Optimal Interplanetary Orbital Transfers via Electrical Engines

The Hohmann transfer theory, developed in the 19th century, is the kernel of orbital transfer with minimum propellant mass by means of chemical engines. The success of the Deep Space 1 spacecraft has paved the way toward using advanced electrical engines in space. While chemical engines are characterized by high thrust and low specific impulse, electrical engines are characterized by low thrust and hight specific impulse. In this paper, we focus on four issues of optimal interplanetary transfer for a spacecraft powered by an electrical engine controlled via the thrust direction and thrust setting: (a) trajectories of compromise between transfer time and propellant mass, (b) trajectories of minimum time, (c) trajectories of minimum propellant mass, and (d) relations with the Hohmann transfer trajectory. The resulting fundamental properties are as follows:

	(a) Flight Time/Propellant Mass Compromise. For interplanetary orbital transfer (orbital period of order year), an important objective of trajectory optimization is a compromise between flight time and propellant mass. The resulting trajectories have a three-subarc thrust profile: the first and third subarcs are characterized by maximum thrust; the second subarc is characterized by zero thrust (coasting flight); for the first subarc, the normal component of the thrust is opposite to that of the third subarc. When the compromise factor shifts from transfer time (C=0) toward propellant mass (C=1), the average magnitude of the thrust direction for the first and third subarcs decreases, while the flight time of the second subarc (coasting) increases; this results into propellant mass decrease and flight time increase.

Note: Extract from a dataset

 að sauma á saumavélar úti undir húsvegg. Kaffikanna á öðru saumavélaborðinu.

	(b) Minimum Time. The minimum transfer time trajectory is achieved when the compromise factor is totally shifted toward the transfer time (C=0). The resulting trajectory is characterized by a two-subarc thrust profile. In both subarcs, maximum thrust setting is employed and the thrust direction is transversal to the velocity direction. In the first subarc, the normal component of the thrust vector is directed upward for ascending transfer and downward for descending transfer. In the second subarc, the normal component of the thrust vector is directed downward for ascending transfer and upward for descending transfer.

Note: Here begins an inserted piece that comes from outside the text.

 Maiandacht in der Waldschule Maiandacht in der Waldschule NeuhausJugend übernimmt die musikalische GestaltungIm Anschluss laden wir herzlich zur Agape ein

	(c) Minimum Propellant Mass. The minimum propellant mass trajectory is achieved when the compromise factor is totally shifted toward propellant mass (C=1). The resulting trajectory is characterized by a three-subarc (bang-zero-bang) thrust profile, with the thrust direction tangent to the flight path at all times.
	(d) Relations with the Hohmann Transfer. The Hohmann transfer trajectory can be regarded as the asymptotic limit of the minimum propellant mass trajectory as the thrust magnitude tends to infinity. The Hohmann transfer trajectory provides lower bounds for the propellant mass, flight time, and phase angle travel of the minimum propellant mass trajectory.

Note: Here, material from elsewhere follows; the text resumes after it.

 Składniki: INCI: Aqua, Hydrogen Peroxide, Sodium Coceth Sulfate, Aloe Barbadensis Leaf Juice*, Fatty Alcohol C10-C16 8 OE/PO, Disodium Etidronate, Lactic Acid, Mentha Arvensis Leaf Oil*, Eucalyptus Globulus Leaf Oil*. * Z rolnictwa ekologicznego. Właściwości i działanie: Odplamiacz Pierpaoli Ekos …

The above properties are verified computationally for two cases (a) ascending transfer from Earth orbit to Mars orbit; and (b) descending transfer from Earth orbit to Venus orbit. The results are obtained using the sequential gradient- restoration algorithm in either single-subarc form or multiple-subarc form. Portions of this paper were presented by the senior author at the 54th International Astro-nautical Congress, Bremen, Germany, 29 September–3 October 2003 (Paper IAC-03-A.7.02). This research was supported by NSF Grant CMS-02-18878 and NSF Cooperative Agreement HRD-98-17555 as part of the Rice University AGEP Program.